Datto Owner's CEO Takes Non-Prosecution Agreement for 'Serious Crimes'Datto Owner's CEO Takes Non-Prosecution Agreement for 'Serious Crimes'
Robert Smith's cooperation is preventing his indictment.
October 16, 2020
The founder, chairman and CEO of Vista Equity Partners, which owns Datto, has entered a non-prosecution agreement involving an international tax fraud scheme.
Vista Equity Partners’ Robert Smith
Robert Smith entered the non-prosecution agreement with the Department of Justice (DOJ). It’s for his role from 2000 through 2015 in an illegal scheme to conceal income and evade millions in taxes by using an offshore trust structure and offshore bank accounts.
Smith willfully did not report to the IRS over $200 million of partnership income. He also failed to report his ownership of his foreign bank accounts as required by law.
Smith will pay more than $139 million in taxes and penalties, according to the non-prosecution agreement.
No Vista Equity Partners entity is part of the settlement.
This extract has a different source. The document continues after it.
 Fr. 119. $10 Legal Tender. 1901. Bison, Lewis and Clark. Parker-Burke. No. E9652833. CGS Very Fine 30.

Furthermore, the DOJ has never claimed that Vista Equity Partners, nor any of its funds or portfolio companies, were involved, of interest or under investigation.
Hiding from the IRS
In the agreement, Smith admits his involvement in the illegal scheme.
“It is never too late to do the right thing,” said U.S. Attorney David Anderson for the Northern District of California. “It is never too late to tell the truth. Smith committed serious crimes, but he also agreed to cooperate. Smith’s agreement to cooperate has put him on a path away from indictment.”
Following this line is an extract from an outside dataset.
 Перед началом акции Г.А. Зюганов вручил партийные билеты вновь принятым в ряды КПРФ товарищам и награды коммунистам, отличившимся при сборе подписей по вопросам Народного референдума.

According to the agreement, Smith formed the Excelsior Trust in Belize, and a shell company, Flash Holdings, in Nevis, a small island in the Caribbean, in 2000. He used third parties to conceal his beneficial ownership and control of Excelsior Trust and Flash Holdings.
In reality, Smith controlled both offshore structures and made all substantive decisions regarding Flash Holdings’ operations, transactions, income, investments and assets, the agreement said. He used the Excelsior Trust to conceal his ownership and control over Flash Holdings. He further used Flash Holdings to hide his interest in private equity investments. Smith admits he formed these foreign entities to use them to avoid paying U.S. taxes.
Furthermore, Smith admits that he “knowingly and intentionally” used the Excelsior Trust and Flash Holdings and their associated foreign bank accounts to conceal from the IRS and the U.S. Treasury Department income earned and distributed to Flash Holdings from private equity funds.
Using Unreported Income
Over the years, Smith used millions of this unreported income to acquire and make improvements to real estate used for his personal benefit. He admits he used about $2.5 million in untaxed funds to purchase and renovate a vacation home in Sonoma, California. In 2010, he again used untaxed funds to purchase two ski properties and a piece of commercial property in France.
In 2011 and 2012, Smith used about $13 million of untaxed funds to build and make improvement to a residence in Colorado. He also funded charitable activities at the property.
Smith agrees to abandon his protective claims for a refund totaling about $182 million that were filed with the IRS. The protective refund claims consisted, in part, of claims for charitable contribution deductions on Sept. 21, 2018, and Oct. 11, 2019.